Assignment
Transcribe all of the records word for word, but omit the pictures.

※

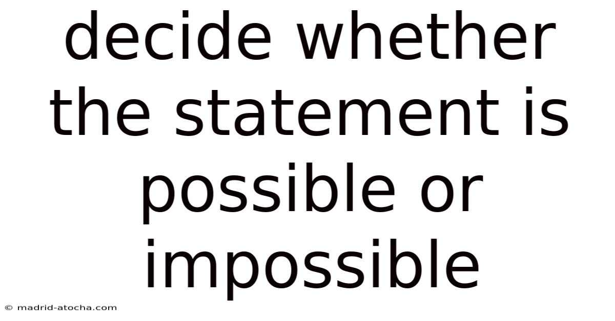 In our daily lives, we encounter countless statements that challenge our understanding of reality. Worth adding: from scientific theories to everyday observations, determining whether a statement is possible or impossible requires critical thinking and a grasp of underlying principles. This article explores the process of evaluating statements to assess their feasibility, providing a structured approach to discerning possibility from impossibility.
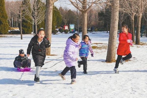 ③2023年12月31日,在我市達活泉公園,一塊綠地因積雪形成了天然冰雪樂園,孩子們通過坐雪圈、玩雪板盡享雪地活動帶來的歡樂,白茫茫的雪地樂園到處洋溢著歡聲笑語。 本報記者霍紅軍攝
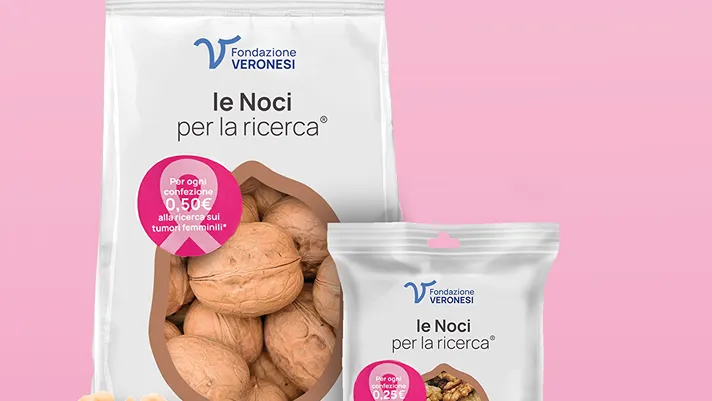 Per ogni confezione venduta all’insegna, Life devolverà 0,50 euro per le noci in guscio e 0,25 euro per le noci sgusciate, in favore di Fondazione Veronesi per sostenere la ricerca scientifica sui tumori tipicamente femminili, ossia al seno, utero e ovaio.
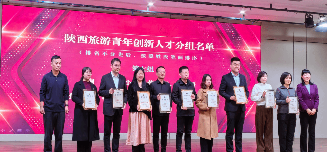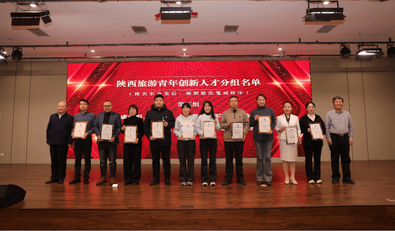 在随后举行的表彰环节中,李东教授与学院硕士研究生强晓娜凭借其在旅游创新研究与实践中的优异成绩,荣获“陕西旅游青年创新人才”称号。这一荣誉不仅是对两位师生个人能力的认可,也体现了旅游学院在创新型旅游人才培养方面的显著成效。
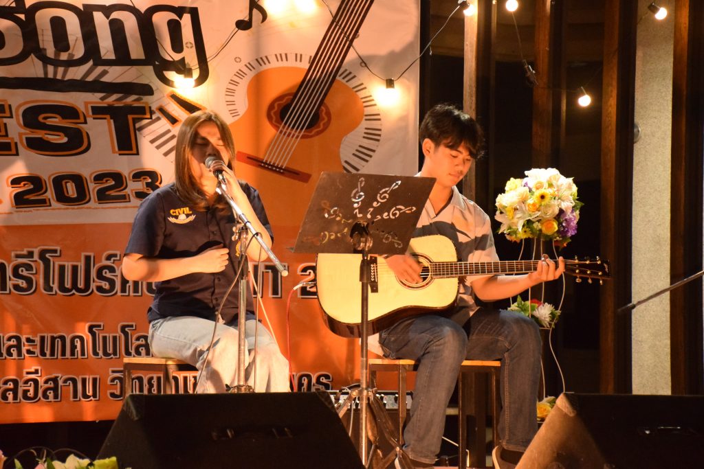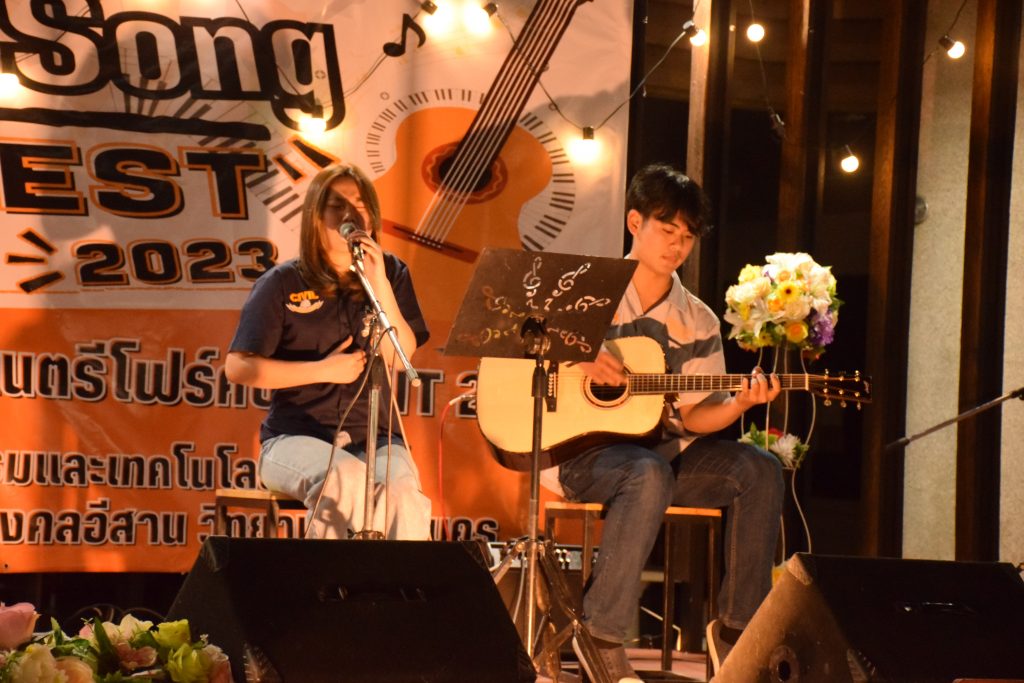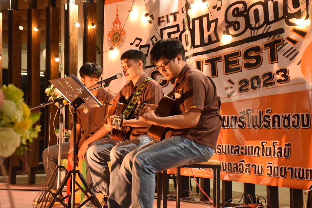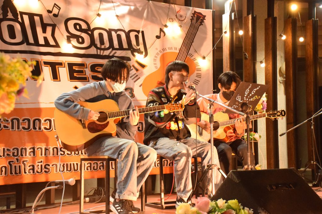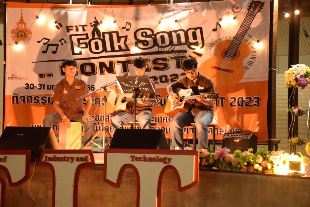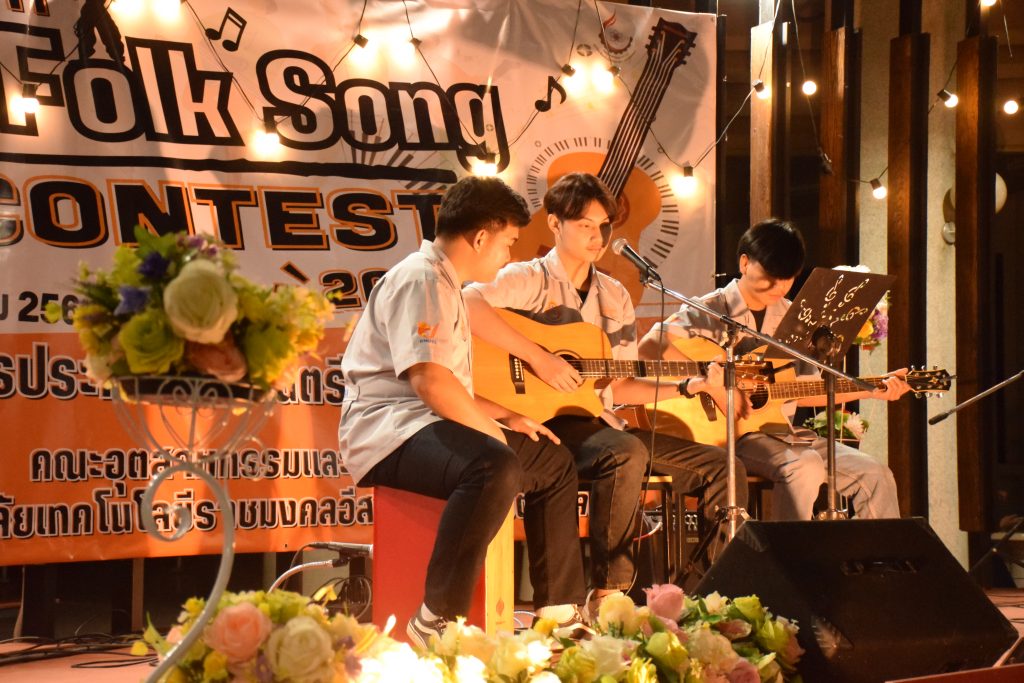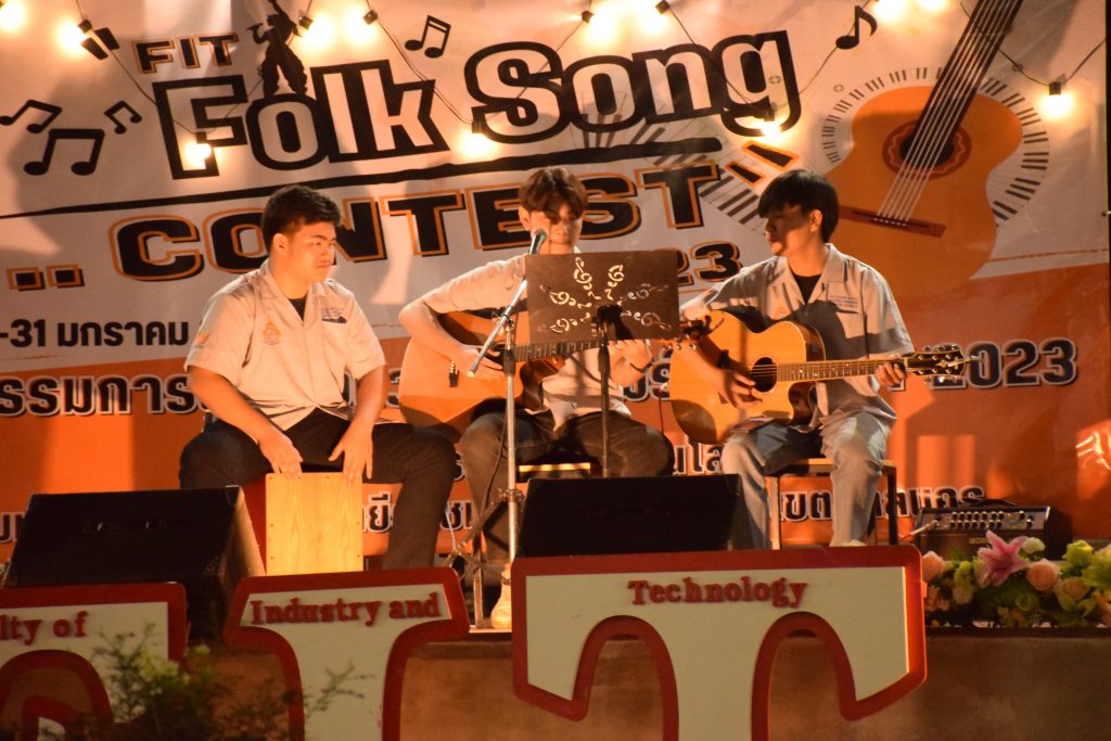 วันที่ 30 – 31 มกราคม 2566 คณะอุตสาหกรรมและเทคโนโลยี มทร.อีสาน วิทยาเขตสกลนคร จัดกิจกรรมการประกวดวงดนตรี Folk Song Contest 2023 ณ เวทีกลางลานกิจกรรมคณะอุตสาหกรรมและเทคโนโลยี โดยมีวัตถุประสงค์เพื่อส่งเสริมศักยภาพและทักษะทางด้านดนตรีของนักศึกษา เป็นเวทีให้นักศึกษาได้แสดงออกถึงสามารถทางดนตรีต่อสาธารณะ ใช้เวลาว่างให้เกิดประโยชน์ และห่างไกลจากยาเสพติด โดยมีนักศึกษาเข้าร่วมประกวดจำนวน 8 ทีม และผ่านเข้ารอบจำนวน 4 ทีม โดยได้รับเกียรติจาก ผศ.อมรเดช นวลมณี คุณธีระวุฒิ สูตรไชย และคุณขุนพล ศรีโคตา ผู้ทรงคุณวุฒิที่มีความรู้และประสบการณ์ทางด้านดนตรีเป็นคณะกรรมการในการตัดสินการประกวดในครั้งนี้ ในการนี้ ผศ.น.สพ.ดร.ชเวง สารคล่อง รองอธิการบดีประจำวิทยาเขตสกลนคร ให้เกียรติเป็นประธานในพิธีเปิดกิจกรรม พร้อมทั้งมอบรางวัลแก่นักศึกษาที่ได้รับรางวัลชนะเลิศการแข่งขัน พร้อมกันนี้ ผศ.ดร.สุริยา แก้วอาษา คณบดีคณะอุตสาหกรรมและเทคโนโลยี มอบเงินสนับสนุนเป็นรางวัลพิเศษเพื่อเป็นขวัญกำลังใจแก่นักศึกษาที่ผ่านเข้ารอบทั้ง 4 ทีมอีกด้วย
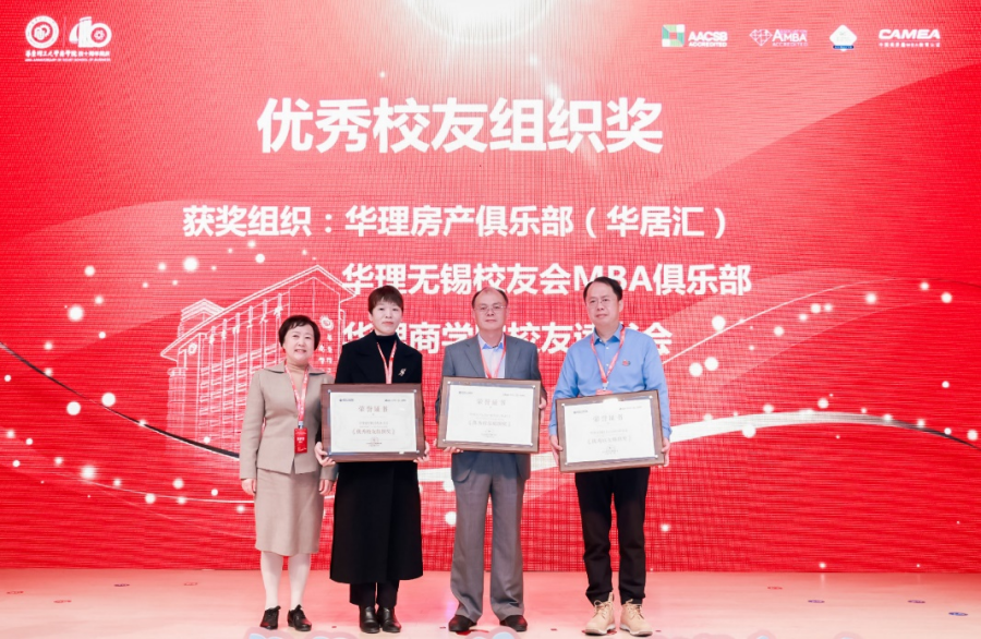 华东理工大学商学院原副院长黄庐进为无锡校友会MBA俱乐部、商学院房产俱乐部(华居会)、商学院校友读书会颁发优秀校友组织奖。
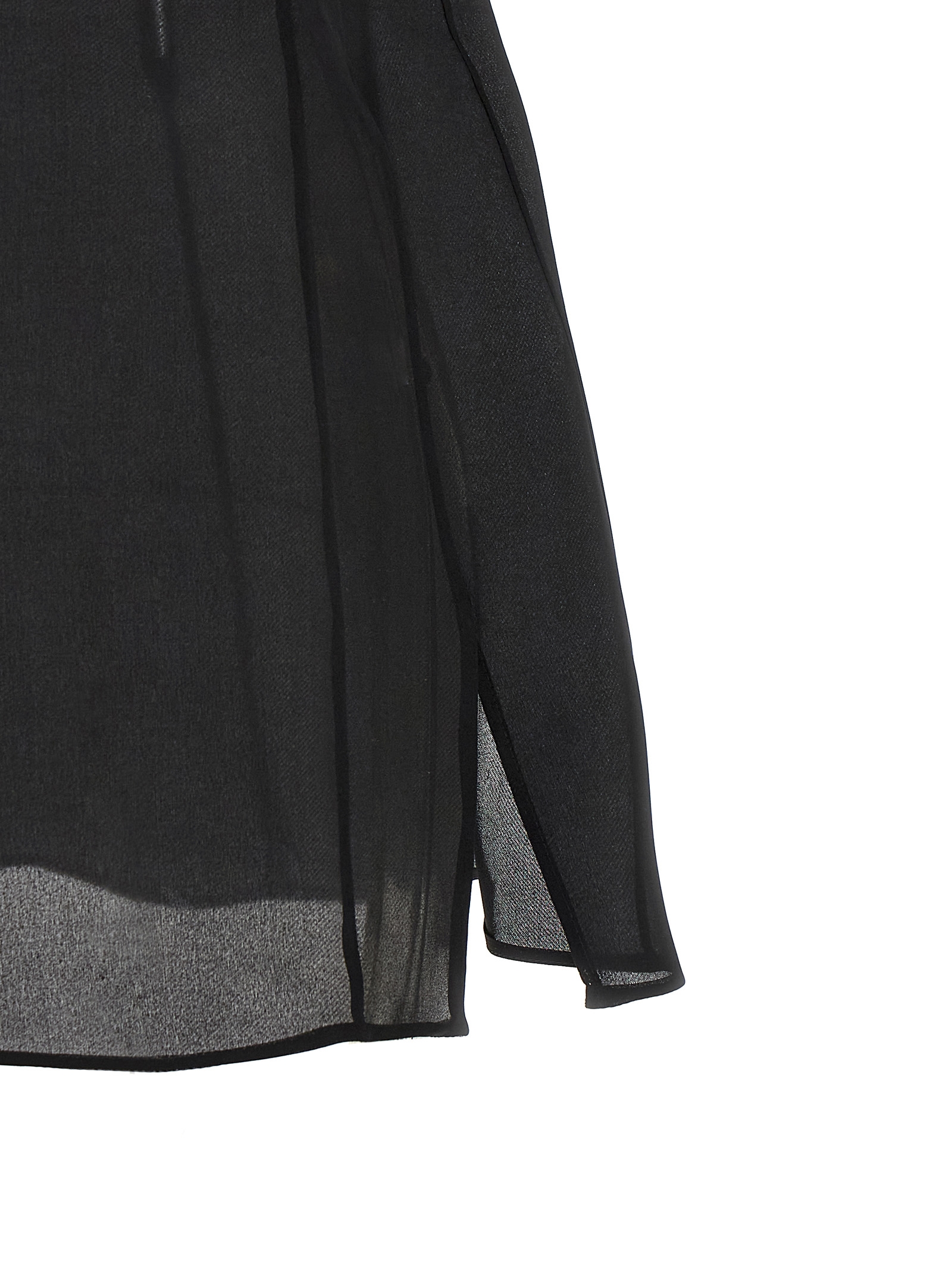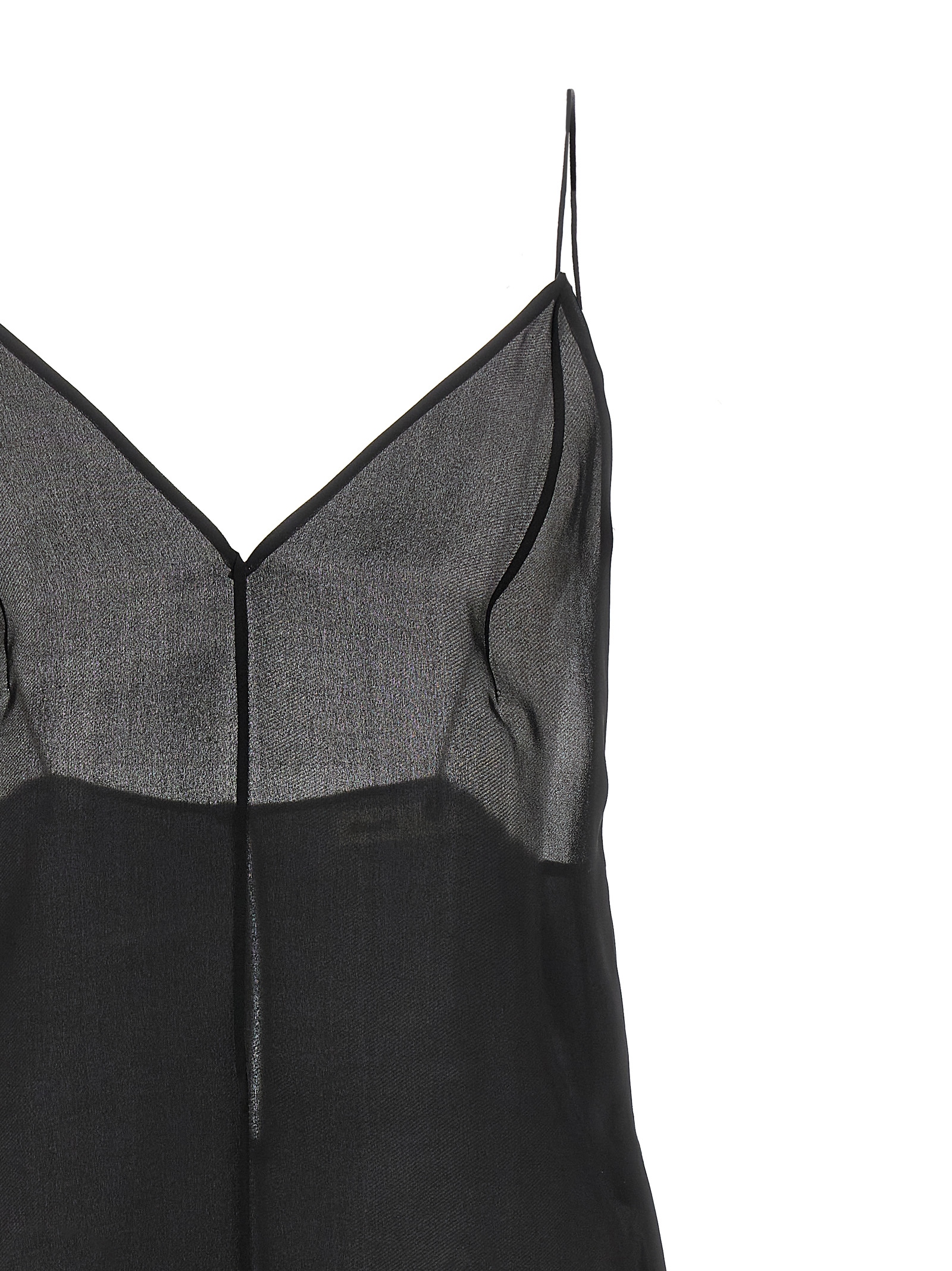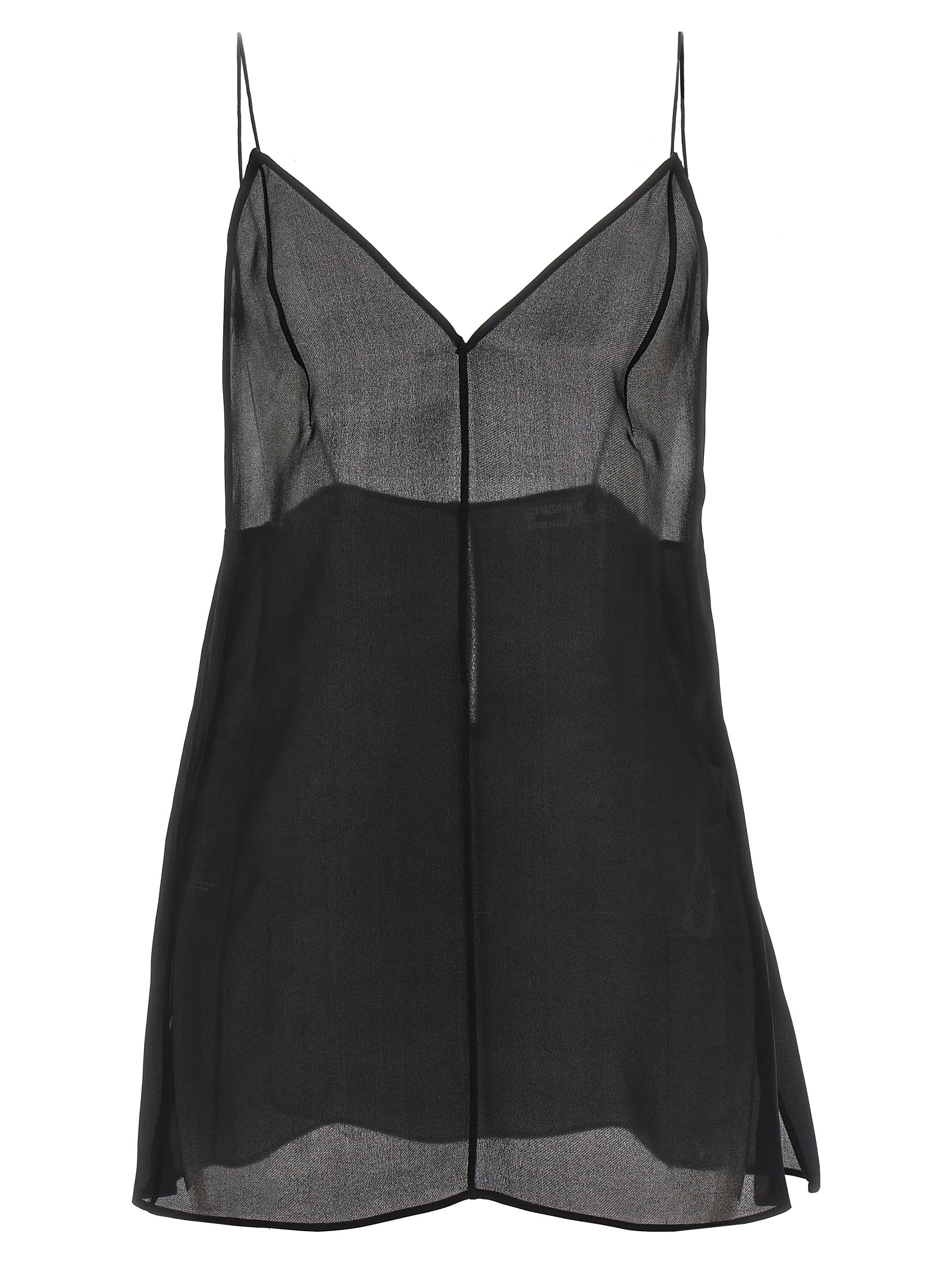 'Talsie' semi-transparent pure silk organza top with front V-neck, ultra-thin straps, pintuck front and back, wide back square neckline with button closure and teardrop cut-out details, side slits.
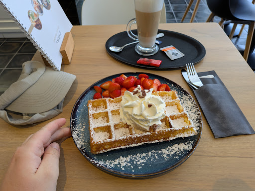 As you can see in the picture, I ordered the strawberry waffle with whipped cream and a latte. I can't recommend enough giving this spot a go if you are...

※

Result for this exercise
 In our daily lives, we encounter countless statements that challenge our understanding of reality. Worth adding: from scientific theories to everyday observations, determining whether a statement is possible or impossible requires critical thinking and a grasp of underlying principles. This article explores the process of evaluating statements to assess their feasibility, providing a structured approach to discerning possibility from impossibility.
 ③2023年12月31日,在我市達活泉公園,一塊綠地因積雪形成了天然冰雪樂園,孩子們通過坐雪圈、玩雪板盡享雪地活動帶來的歡樂,白茫茫的雪地樂園到處洋溢著歡聲笑語。 本報記者霍紅軍攝
 Per ogni confezione venduta all’insegna, Life devolverà 0,50 euro per le noci in guscio e 0,25 euro per le noci sgusciate, in favore di Fondazione Veronesi per sostenere la ricerca scientifica sui tumori tipicamente femminili, ossia al seno, utero e ovaio.
 在随后举行的表彰环节中,李东教授与学院硕士研究生强晓娜凭借其在旅游创新研究与实践中的优异成绩,荣获“陕西旅游青年创新人才”称号。这一荣誉不仅是对两位师生个人能力的认可,也体现了旅游学院在创新型旅游人才培养方面的显著成效。
 วันที่ 30 – 31 มกราคม 2566 คณะอุตสาหกรรมและเทคโนโลยี มทร.อีสาน วิทยาเขตสกลนคร จัดกิจกรรมการประกวดวงดนตรี Folk Song Contest 2023 ณ เวทีกลางลานกิจกรรมคณะอุตสาหกรรมและเทคโนโลยี โดยมีวัตถุประสงค์เพื่อส่งเสริมศักยภาพและทักษะทางด้านดนตรีของนักศึกษา เป็นเวทีให้นักศึกษาได้แสดงออกถึงสามารถทางดนตรีต่อสาธารณะ ใช้เวลาว่างให้เกิดประโยชน์ และห่างไกลจากยาเสพติด โดยมีนักศึกษาเข้าร่วมประกวดจำนวน 8 ทีม และผ่านเข้ารอบจำนวน 4 ทีม โดยได้รับเกียรติจาก ผศ.อมรเดช นวลมณี คุณธีระวุฒิ สูตรไชย และคุณขุนพล ศรีโคตา ผู้ทรงคุณวุฒิที่มีความรู้และประสบการณ์ทางด้านดนตรีเป็นคณะกรรมการในการตัดสินการประกวดในครั้งนี้ ในการนี้ ผศ.น.สพ.ดร.ชเวง สารคล่อง รองอธิการบดีประจำวิทยาเขตสกลนคร ให้เกียรติเป็นประธานในพิธีเปิดกิจกรรม พร้อมทั้งมอบรางวัลแก่นักศึกษาที่ได้รับรางวัลชนะเลิศการแข่งขัน พร้อมกันนี้ ผศ.ดร.สุริยา แก้วอาษา คณบดีคณะอุตสาหกรรมและเทคโนโลยี มอบเงินสนับสนุนเป็นรางวัลพิเศษเพื่อเป็นขวัญกำลังใจแก่นักศึกษาที่ผ่านเข้ารอบทั้ง 4 ทีมอีกด้วย
 华东理工大学商学院原副院长黄庐进为无锡校友会MBA俱乐部、商学院房产俱乐部(华居会)、商学院校友读书会颁发优秀校友组织奖。
 'Talsie' semi-transparent pure silk organza top with front V-neck, ultra-thin straps, pintuck front and back, wide back square neckline with button closure and teardrop cut-out details, side slits.
 As you can see in the picture, I ordered the strawberry waffle with whipped cream and a latte. I can't recommend enough giving this spot a go if you are...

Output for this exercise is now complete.